Despite significant losses, UDLA and its splinter groups continue to operate and, over the past two years, UDLA alone has been involved in the killing of at least three civilians in two separate incidents:
July 17, 2011: Suspected UDLA militants shot dead a member of the Bru community, identified as Birguram, branding him a Police informer, in Thinglian village of Kolasib District in Mizoram.
September 18, 2010: UDLA militants attacked the managerial staff of Dullavcherra Tea Estate in Karimganj District, killing two employees.
Meanwhile, on September 8, 2011, UDLA militants attacked the hamlets of Bagmara, Banglabasa, Gandacherra, Baruncherra, Haticherra, Harincherra, Sontila and Jhumtila, forcing people of their own tribe to flee or shift to other places. The Bru militants have been moving about in this area, threatening people to leave the places, possibly to sanitize their own safe havens in the forests.
The group has also been involved in several incidents of abduction and extortion. On June 6, 2011, UDLA militants abducted two executives of a road construction company, Anupam Bricks and Concrete Industries Limited (ABCIL), from Kolasib District in Mizoram, reportedly demanding a ransom of INR 50 million. The Mizoram Police, however, rescued both the executives after an encounter at Banglabasha village in Hailakandi District on June 16, 2011, and no ransom was paid. On April 20, 2011, a small-time businessman, Zakir Hussain Laskar, was abducted by UDLA militants from Hailakandi District. Earlier after the September 18, 2010, killing of two managerial staff of the Dullavcherra Tea Estate, UDLA threatened, on September 24, 2010, that it would continue such attacks until the garden management pays INR 1.5 million, as demanded. On December 21, 2010, UDLA stepped up extortion by issuing notices demanding INR 300 per household in Hailakandi, Dullavcherra and Karimganj Districts, threatened villagers with dire consequences for failure to comply.

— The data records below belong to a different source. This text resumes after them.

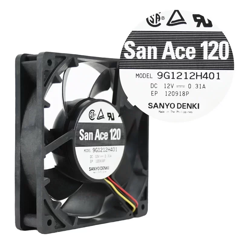 The Sanyo Denki 9G1212H401 DC axial fan is specifically designed for cooling desktop computers, server chassis, industrial control cabinets, telecommunications racks, and electronic power supplies requiring reliable and quiet 12V DC ventilation.
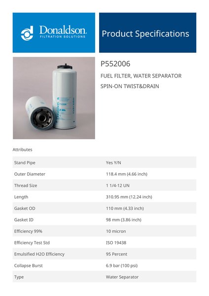Genuine Donaldson P552006 Fuel Filter, Water Separator Spin-On Twist&Drain effectively separates water and contaminants from diesel fuel, ensuring clean fuel delivery and preventing engine damage. Its twist-and-drain feature allows for easy water removal.
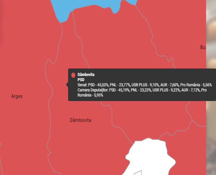 PSD Dâmboviţa 61.285 de voturi, ceea ce reprezintă 45,53% din voturile valabil exprimate,
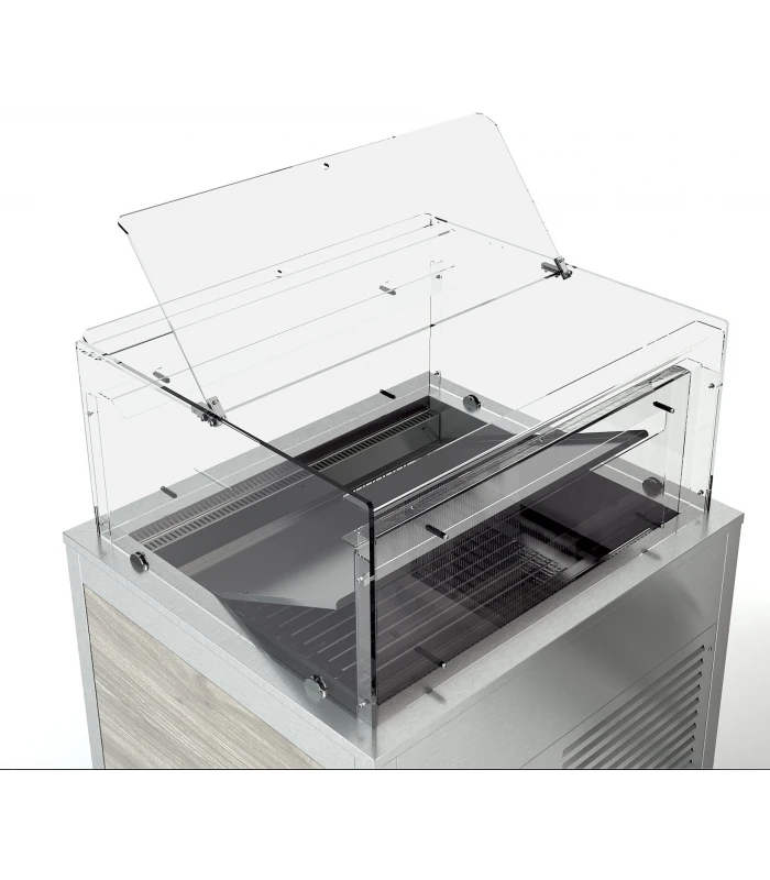 - La vitrine en plexiglas permet une visibilité complète du produit et garantit la meilleure hygiène et sécurité
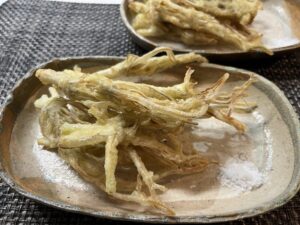 てんぷら粉を付けて高温でカリッと揚げれば、セリの根っこの天ぷらが完成です。
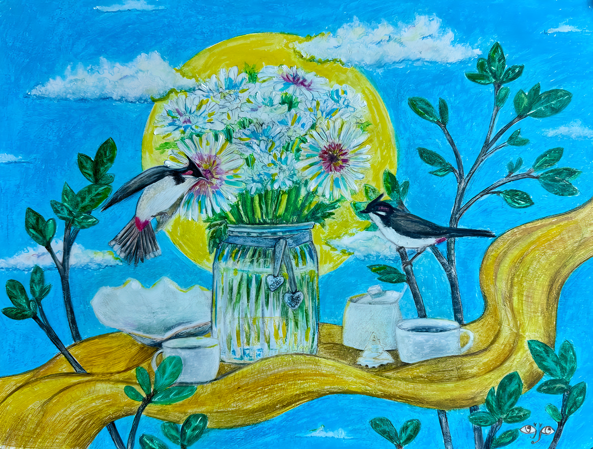Пауза. Чай дымится. Птицы на картине начинают двигаться.

Meanwhile, on May 11, 2011, UDLF-B abducted an assistant manager of the Dullavcherra Tea Estate in Karimganj District. He was, however, released at Betcherra in Katlicherra block of Hailakandi District on May 20, 2011. There is no official confirmation of any ransom paid to the abductors, but intelligence sources disclosed that INR 200,000 was paid to ensure his safe release.
Since the formation of UDLA, there have been 16 recorded incidents of killings, abductions and arrests, in which Bru militant outfits have been found involved. Of these, UDLA was connected with nine incidents, UDLF-B with four, United Liberation Army of Bruland (ULAB) with two, and United Liberation Army (ULA) with one incident.
There are seven Bru groups in the region. Significantly, however, three of them, the BNLF, Bru Liberation Front of Mizoram (BLFM) and ULFBV have surrendered. 195 BNLF militants, including the outfit’s ‘president’ Surjya Moni Reang and ‘general secretary’ Solomon Prophul Ushoy, surrendered at the Sidan transit camp in West Tuipuibari on July 25, 2005. Further, 802 BLFM cadres surrendered before the Mizoram Government on October 26, 2006. ULFBV surrendered arms on September 30, 2008. Very little is heard about ULA and ULAB, which leaves the UDLA and its splinter UDLF-B as the only two Bru militant outfits still operational.
The SFs have intensified operations and secured significant successes against most of the militant groups operating elsewhere in the State as well, as is evident by the decreasing fatalities, With both UDLA and UDLF-B under sustained fire, it is unlikely that these groups will retain their capacities for disruption and violence for long.